I agree that small samples can be misleading with pair counts, but the effect I’m seeing does not depend on that. It appears in setups where sparsity is not the limiting factor.

P.S. I don't know if @nablator have checked my code. There might be errors. In the last version all the tests run from the beginning to the end. It takes a bit less than an hour to run all the tests in Kaggle, but I am absolutely open to double check anything.

(24-04-2026, 05:56 PM)quimqu Wrote: You are not allowed to view links. Register or Login to view.P.S. I don't know if @nablator have checked my code.

No, it would take me far too long at my low level of Python understanding. Maybe I'll do something similar in a language I understand and then compare the results. But it looks too much like real work and the weather is too nice to spend any time coding. Smile

(24-04-2026, 05:56 PM)quimqu Wrote: You are not allowed to view links. Register or Login to view.And one important point: I removed spaces and line breaks completely and worked only at the character level.

Ah, OK. I will try to repeat my analysis without spaces, and by mapping EVA letters to classes (the mapping that I showed on another thread, that mostly erases the difference between languages A and B).

All the best, --stolfi

(24-04-2026, 05:56 PM)quimqu Wrote: You are not allowed to view links. Register or Login to view.And one important point: I removed spaces and line breaks completely and worked only at the character level.

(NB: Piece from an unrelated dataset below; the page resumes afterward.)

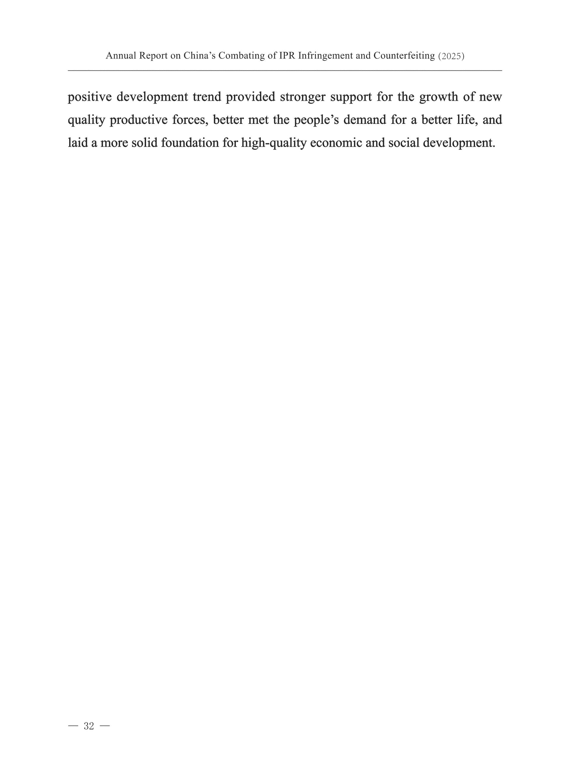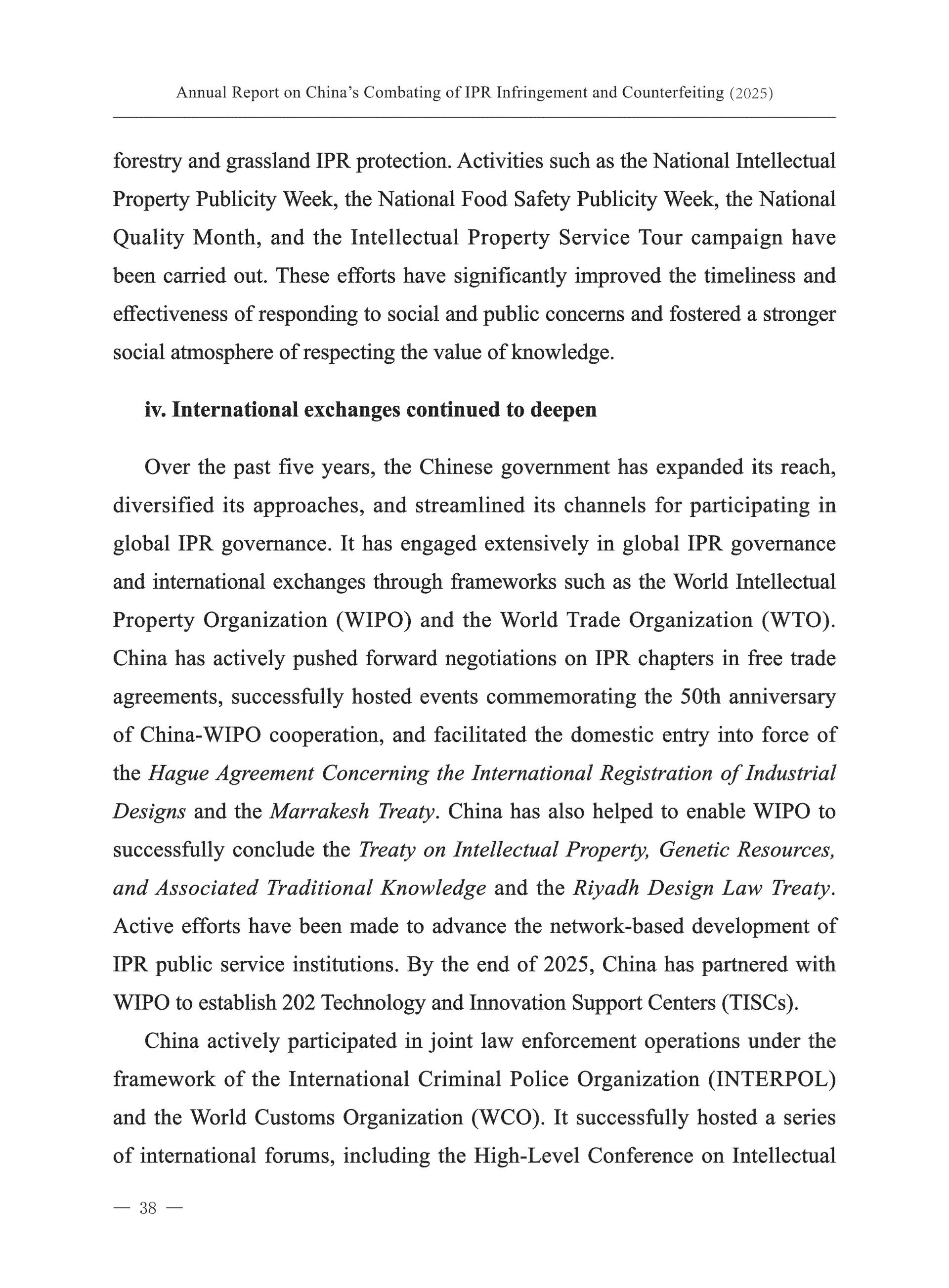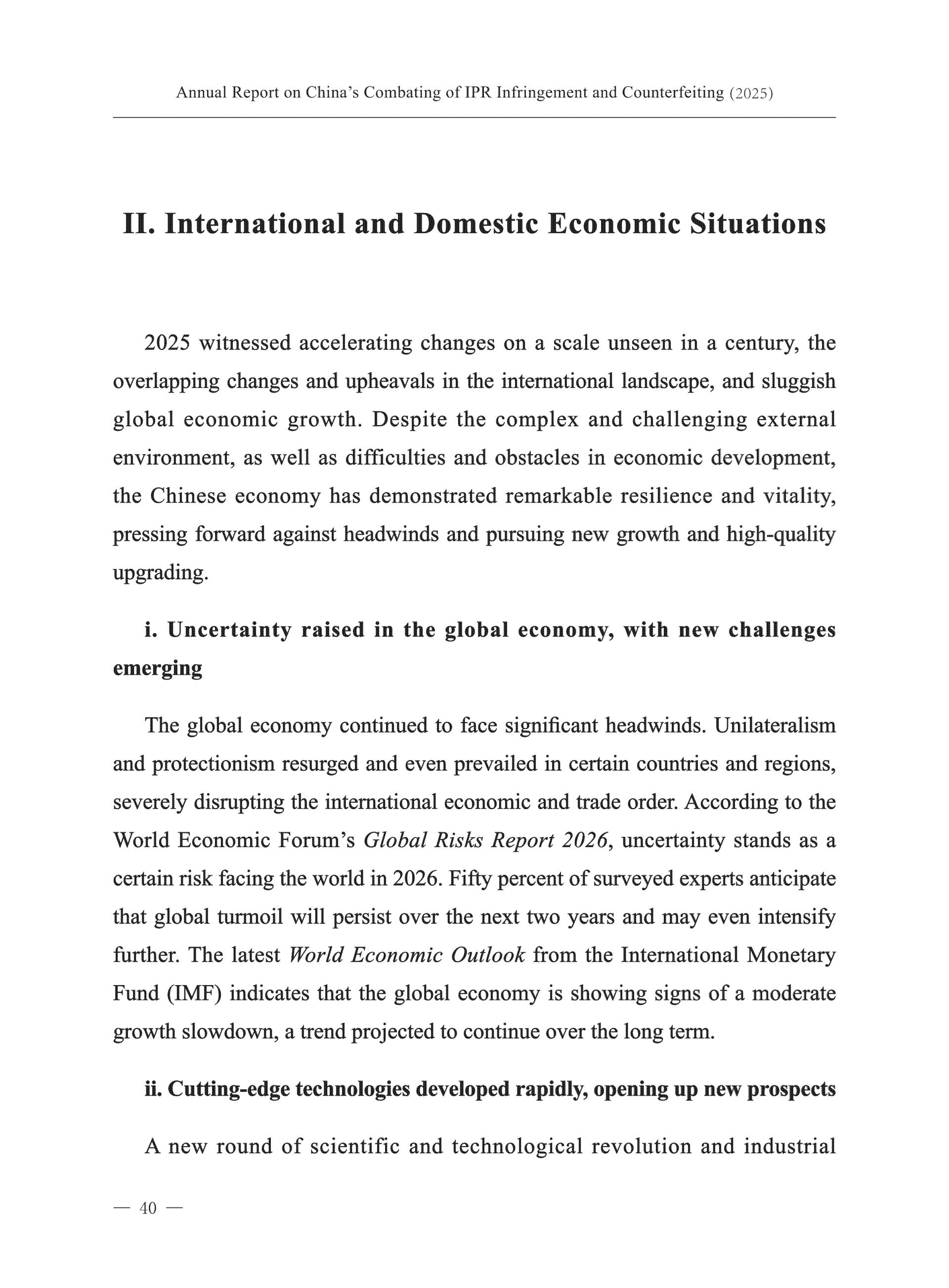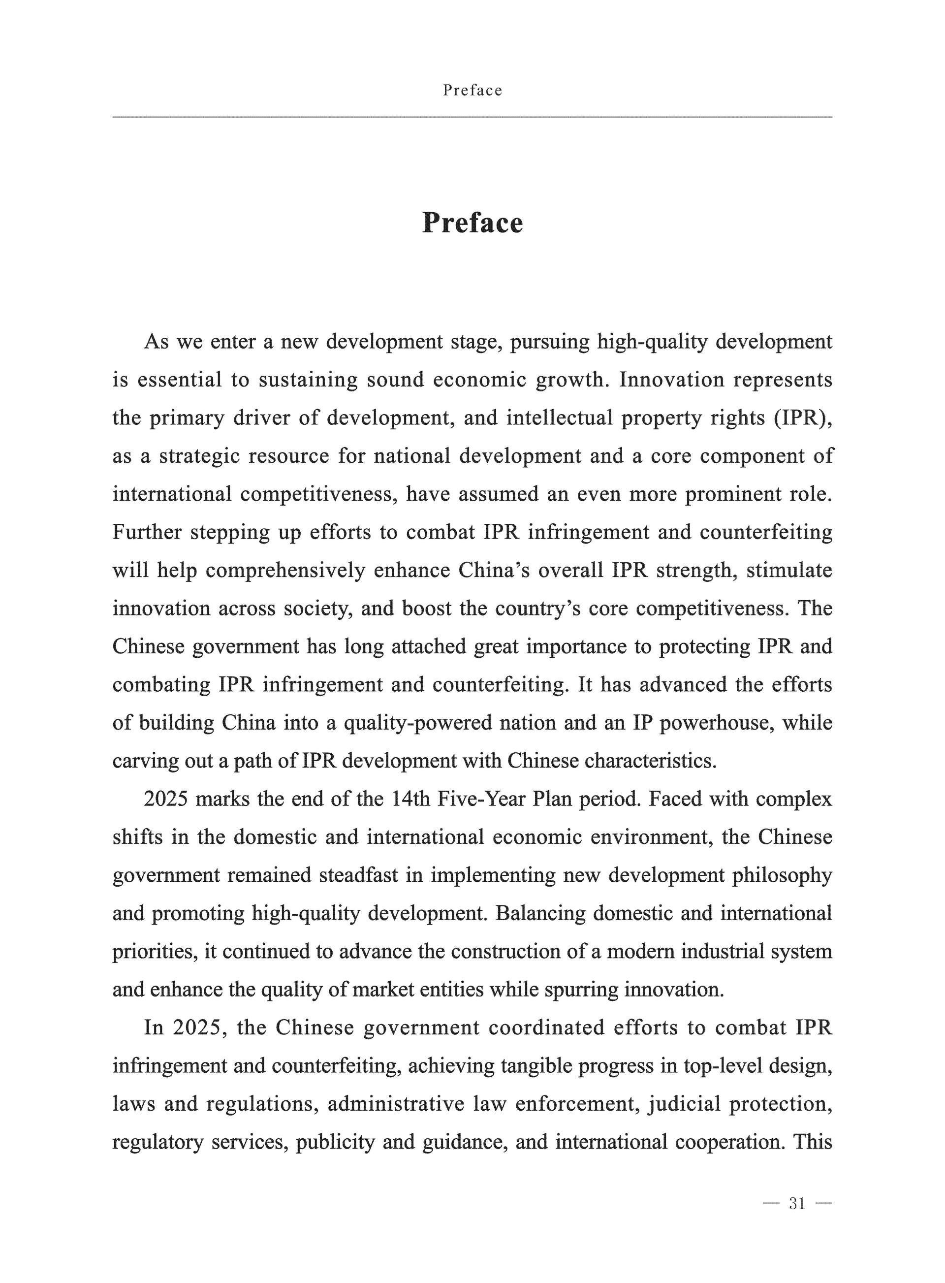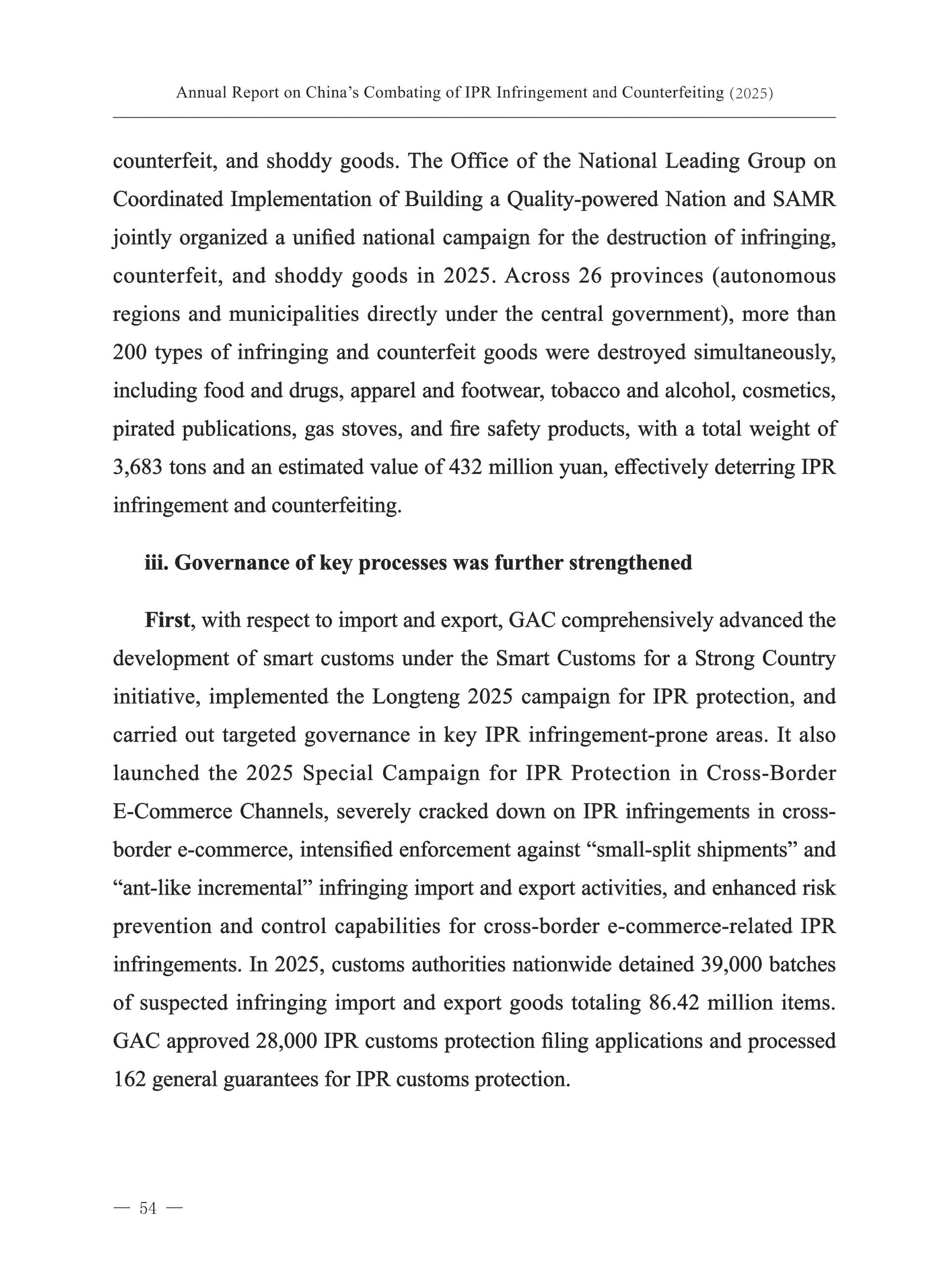 The Report summarizes China’s work on intellectual property protection and combating counterfeiting and infringement during the 14th Five-Year Plan period, analyzes the domestic and international economic situation in 2025, and comprehensively elaborates on the progress and achievements of China’s efforts in combating counterfeiting and infringement in 2025 from seven aspects: coordinated advancement, legal guarantees, administrative enforcement, judicial protection, regulatory services, publicity and guidance, and international cooperation. The Report is released bilingually in Chinese and English, enhancing the international community’s understanding of China’s efforts in combating counterfeiting and infringement.

Well, I don't know whether I coded it right, but here is what I got:

[attachment=15317]

For this plot I used my transcription of the Starred Parags section. I discarded parag head and tail lines, deleted all word spaces, and mapped glyphs to glyph classes
Q = {q},
O = {a,o,y},
B = {ch,che,sh,she,ee,eee},
K = {k, t, p, f, ke, te}
N = {m,im,n,in,iin,iiin,ir,iir}  ,
D = {d,l,r,s}
Platform gallows cth etc were mapped to BK. This mapping should reduce the impact of sampling error.

Then, I discarded all lines with less than 22 letters. Then for each distance d in 0 to 10, and each line, I picked a par of characters W1,W1 separated by d chars. In one run (red plot) the pair was near the center of the line. In the other run (blue line) the pair straddled the line break: that is, char W1 was floor(d/2) chars before the end of the line and char W2 was ceil(d/2) into the next line (even if it it was a tail line).

In total, each run collected ~350 pairs. From this data I computed the predictability P12 of W2 given W1. This quantity was defined as E12-E2, the entropy E2 (in bits) of the overall distribution of the W2 char, minus the entropy E12 of the distribution of W2 for each possible char W1, averaged over the W1 with their respective frequencies. The plot shows that as a fraction P12/E2.

Thus, what the graph shows is that, in the middle of the line, knowing W1 reduces the uncertainty of the next four characters by about 33%, 22%, 15%, and 6%, respectively. Whereas, across a line breaks, W1 gives no information about the next four characters. It is as if the line break was a gap of at least 4 characters.

It is puzzling that the predictability does not drop to zero when d increases beyond 4, but hovers around 2-3%, both inside lines and across line break.

It could mean that there are two kinds of parags, say some that are generally K-rich and some generally K-poor; so if you see a K, there is a slightly higher than average chance that any other char in the same parag is a K.

Or it may be a bug in my code...

However, the predictability in the first case seems to be determined largely by a few character pairs. Like, W1='q' is almost always followed by W2='o', and that contributes a lot to P12 when d=0. If I do the same plot but deleting the class codes Q and O, the predictabilities in mid-line drop to nearly zero:

[attachment=15318]

In retrospect, that is quite understandable, since 'q' is practically non-existent near line end, and 'o' is rather rare. Thus it is not so much that prophecy does not work across line breaks, but rather that the most successful "prophets" stay away from those places.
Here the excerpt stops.